Ariz Kader de makaleyi eleştirdi. “Yayınlandığı ortam ve durumla ilgili temel ayrıntıların ihmal edilmesi (görünüşe göre içeriğin çoğunu Türk belediye temsilcisi aracılığıyla alıyor) nedeniyle, bu Afrinilere herhangi bir Türk devletinden çok daha fazla zarar veriyor. propaganda parçası olabilir. ” Afrin’i yakından takip eden Meghan Bodette, NATO hükümetlerinin “New York Times’tan ücretsiz etnik temizlik izni” alıp almadığını sordu.
Bazı eleştirmenler, New York Times’ın İstanbul büro şefi Carlotta Gall’i seçti. Türkiye dünyanın en büyük gazeteci hapishanesidir ve eleştirmenler genellikle tweetler ve iktidar partisine yönelik herhangi bir eleştiri nedeniyle hapse atılır.
16 Şubat’ta Kayıp Afrin Kadınları dokümantasyon grubu, Afrin’de bir kadının kaçırıldığını söyledi. Onun adını sağladı. Times’ın Türkiye’nin üç yıllık işgali sırasında tacize uğrayan hiçbir kadına ulaşıp ulaşmadığı belli değildi.

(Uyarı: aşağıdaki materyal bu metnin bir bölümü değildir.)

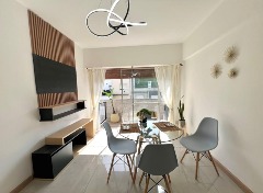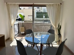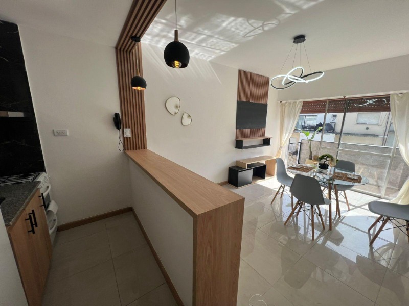 Al ingresar te recibe un living comedor amplio y muy luminoso, con pisos de porcelanato y salida a un balcón saliente orientado a la vereda de sol. La cocina se encuentra integrada, equipada con barra desayunadora y mobiliario a medida.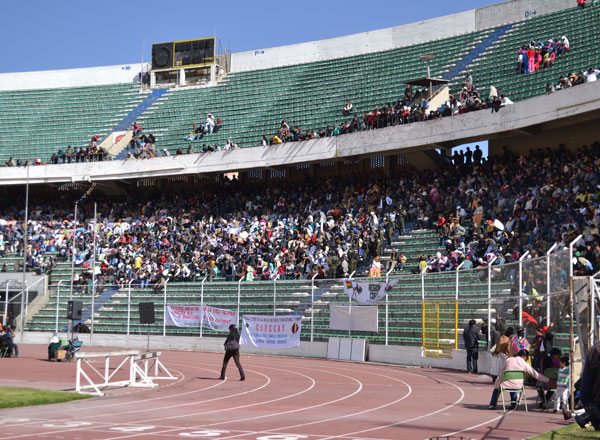 Ayer en la tarde la selección nacional tuvo una práctica fuera de lo común. Mientras ellos comenzaban a trabajar en la curva sur del estadio Hernando Siles se llevaba a cabo una asamblea con la presencia masiva de productores de la hoja de coca.

Efrîn davasında uzman sıkıntısı yok.
American Enterprise Institute’tan Michael Rubin bu konu hakkında yazdı ve Harvard’da misafir akademisyen olan Amy Austin Holmes gibi uzmanlar, Ankara’nın aşırılık yanlılarına verdiği destek hakkında konuştu.
Eski bir ABD büyükelçisi olan Alberto Fernandez de Afrin hakkında konuştu ve Orta Doğu Yayıncılığı başkanı iken oradaki çatışma hakkında bir röportaj yaptı. Times’ın, özellikle ihtilaf ve etnik temizlik vakalarında, çatışmanın her iki tarafına da sesin verileceği anlaşmazlıkları bildirmek için yönergelere sahip olup olmadığı belirsizdir.
Gazete, genellikle İsrail-Filistin çatışması veya Batı Şeria hakkında haber yaparken sadece İsrailli yetkililerin değil Filistinlilerin de seslerini duyuruyor. Türkiye ve Afrin’e gelince, görünen o ki hiçbir Kürt’e söz hakkı verilmiyor. Onlara sadece aşağılayıcı bir şekilde “ayrılıkçılar” deniyordu, öyle değillerdi. Efrîn’in yerli halkıdır.